Here is a fantastic - albeit slightly lengthly - excerpt from a blog post by Melinda Selmys on the give and take of real hospitality:
If we’re going to talk about community and hospitality, we need to acknowledge that what we’re talking about is a mutual and reciprocal exchange of selves. The hostess needs to lower her expectations of herself. She needs to be able to offer her family home as it really is, including the juice-stains and crayon drawings on the wall and the strange smell in the bathroom. The guest needs to act more like a member of the family and less a privileged VIP. The best occasions of hospitality are the ones where everyone takes the time, first, foremost and up-front, simply to enjoy each others’ company and be together. And where after that is over, everyone pitches in to make sure that the kitchen is not an inviting environment for fruit-flies and rats. The occasions where the adults have time to engage in some much-needed intelligent conversation, but the guest also takes the time to go off and teach something to the children or look at the Playmobil world that the kids built in Mommy’s closet. If hospitality is done right it provides an opportunity for single people to take some of the weight off the shoulders of married people and also an opportunity for married people to take some of the loneliness off the shoulders of single people. We have complementary needs and complementary gifts. In theory, at least, it’s a perfect solution.

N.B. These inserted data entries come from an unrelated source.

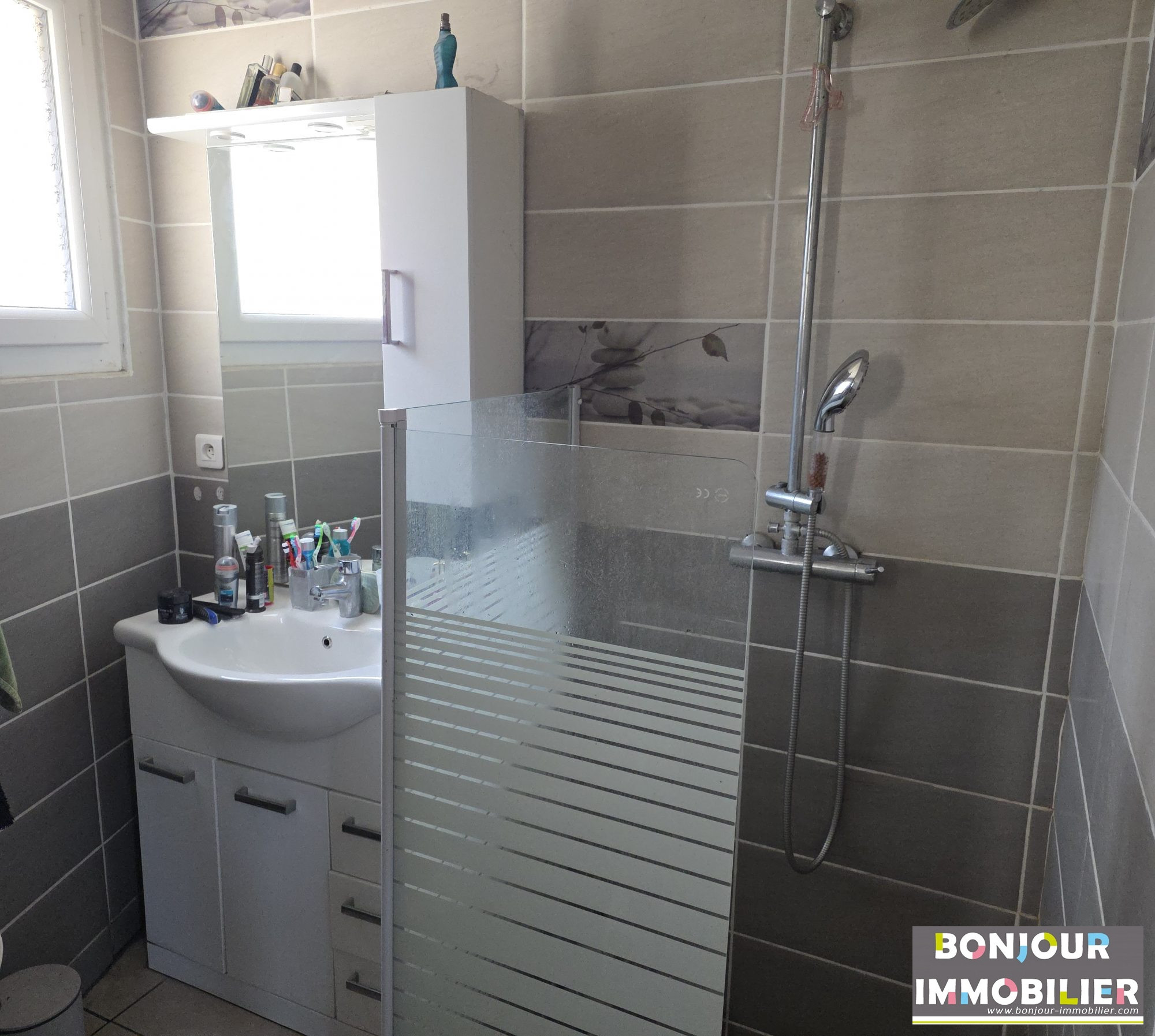 - Informations et caractéristiques de la maison : . Construction de 2010 . Superficie totale de 112m² . Surface habitable de 92m² . Terrain d'environ 190m² . Terrasse de 13,49m² . Une place de stationnement . Volets électriques . Hors copropriété / Hors lotissement . Garage (avec mezzanine) . Menuiseries double vitrage . Système d'alarme . Chauffage électrique . Chauffage au sol dans la pièce de vie . Tout à l'égout . Fibre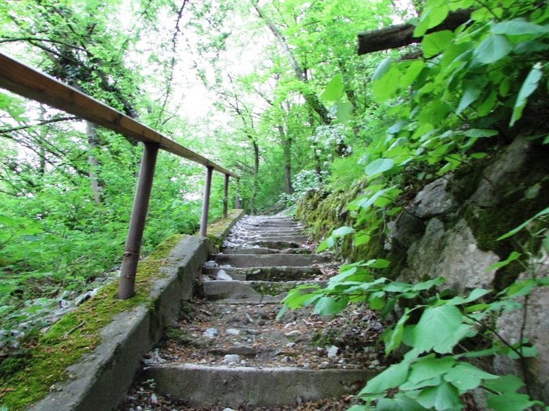 Peştera este vizibilă din drum, iar nişte scări de beton te urcă până la intrare.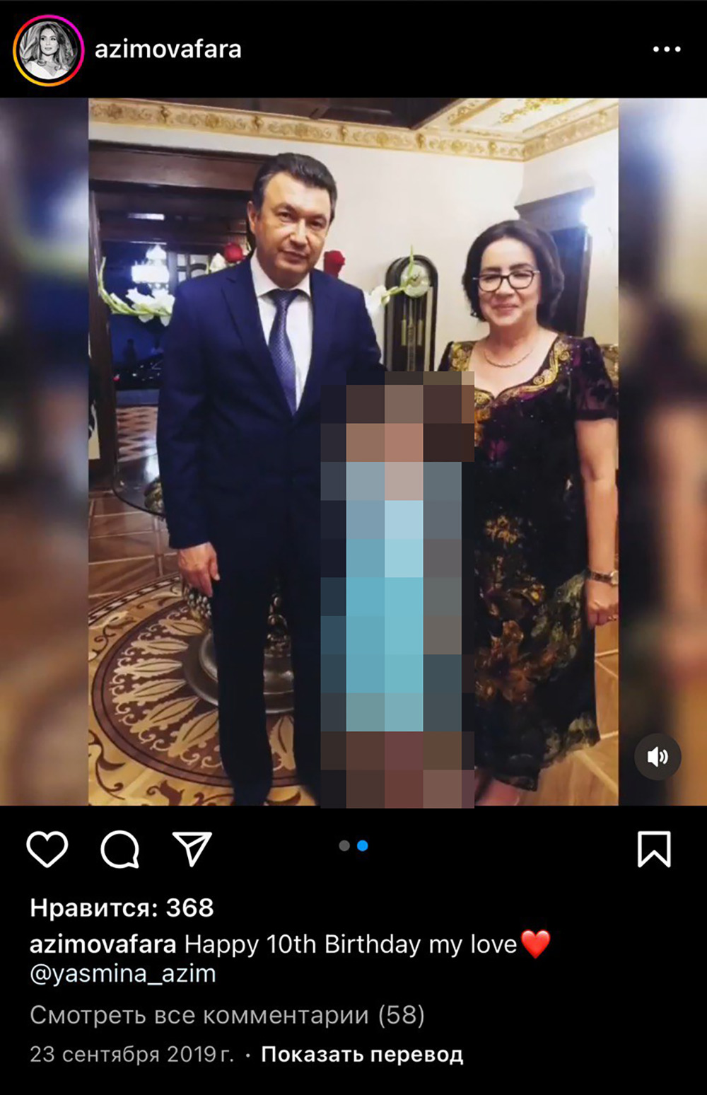 Azimova, who is reportedly a fashion designer, is married to Zafar Azimov, a businessman and son of former Tajik prime minister Yahyo Azimov. The younger Azimov co-owns a private equity firm that invests in manufacturing, real estate and healthcare in Russia, Tajikistan and the U.S.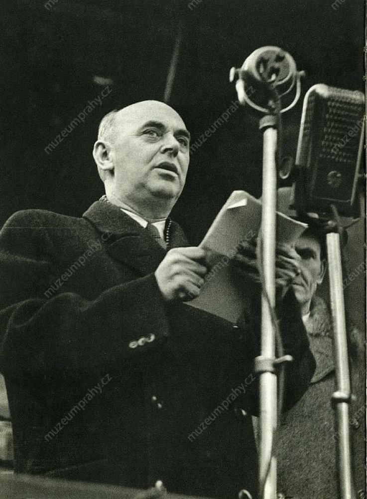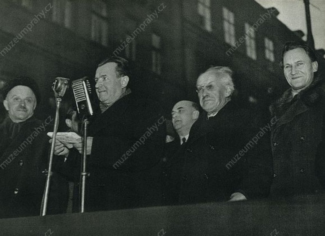 Ministr Václav Kopecký promlouvá k davu na Václavském náměstí. 25. února 1948, MMP H 044 098/032; Zdeněk Nejedlý zdraví lid na Václavském náměstí. 25. února 1948, MMP H 044 098/033.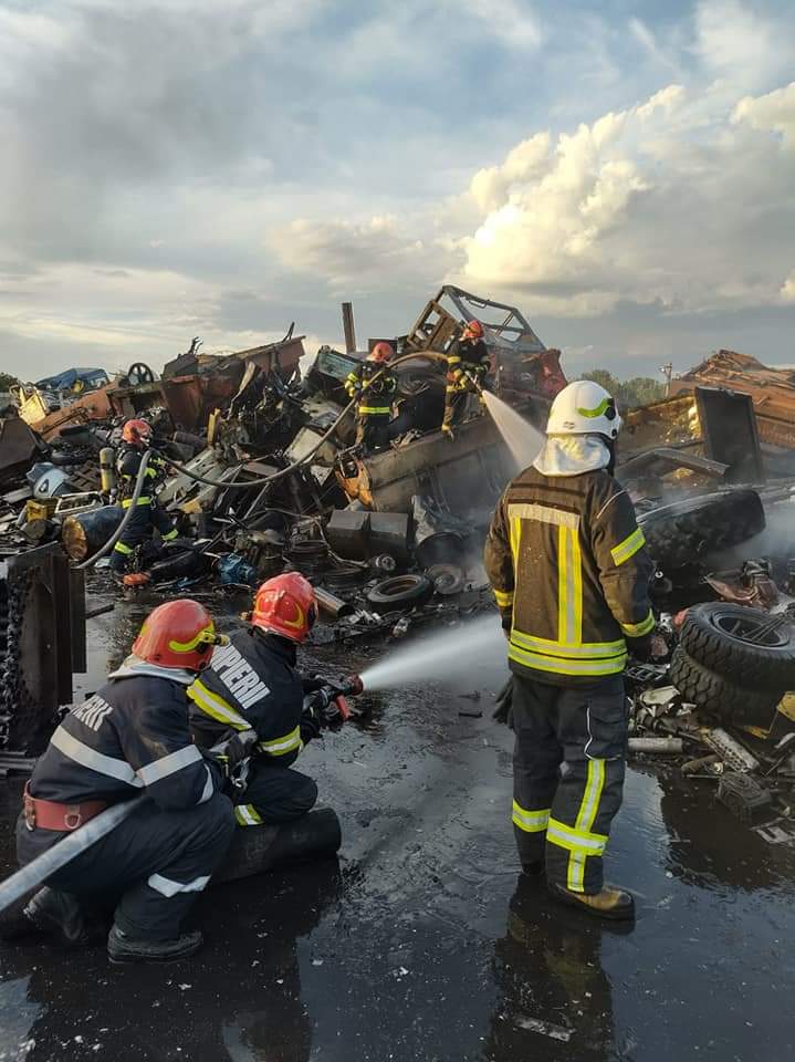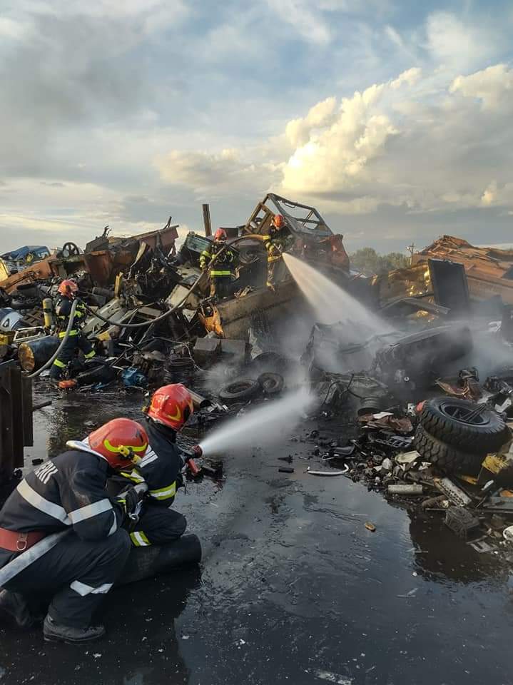 Pompierii vrânceni intervin în aceste momente pentru stingerea unui incendiu de cauciucuri la un centru de colectare a materialelor reciclabile din municpiul Focșani.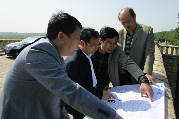 图为赵广东(左二)正在对东海县西双湖供水安全有关情况进行监督检查。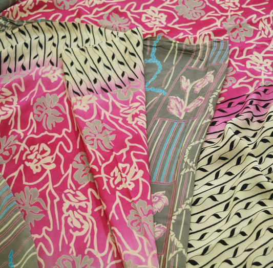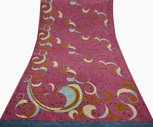 Indian Vintage Sari Pink Pure Crepe Silk Printed Saree 5yd Sewing Craft Fabric Abstract Soft Wrap Dress Making Quilting Crafting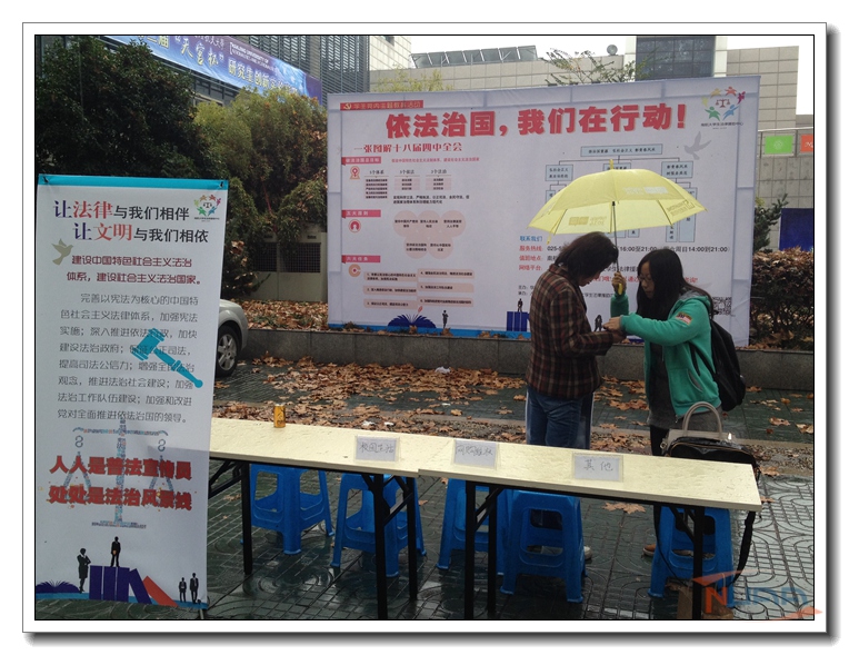 11月27日,法学专业学生在将军路校区樱花广场进行了普法活动,活动中,学生采取“一对一服务”的模式为前来咨询的同学们提供法律咨询服务,为将军路校区非法学专业的学生及教职工解答疑惑,并进行了相关登记与记录。28日,法学专业学生又在明故宫校区开展了普法活动,当天虽然下着雨,但还是阻挡不了同学们前来咨询法律问题的热情。另外,学院依托法律援助中心制作的有关“依法治国”相关法律知识的展板、海报进行十八届四中全会精神的普法宣传,旨在将“依法治国”的精神理念深深地渗透入校园,渗透入大学生的生活当中。同时在全校范围内征集法律故事,以法律故事的形式开展普法活动,让学生明白法律渗透在生活中的每个角落,在潜移默化中培育大学生的法治精神,让法治意识更加深入人心。

Can this work? Not without frustrations. The fact is that living with other people is a fraught enterprise—even if it’s only for a couple of days. We go in with an expectation of relief and bliss, and then at some point we find out that we’ve really been invited to is a Cross-carrying party. We have to step up. We’re expected to sacrifice, and to offer solidarity, and to get outside of ourselves, and it’s nothing like the long-awaited vacation that we planned or anticipated. But if you can get into that vibe…if you can put yourself aside…if you can be there for the other, and make it into a form of Communion, then yes. It can work. But not without sweat."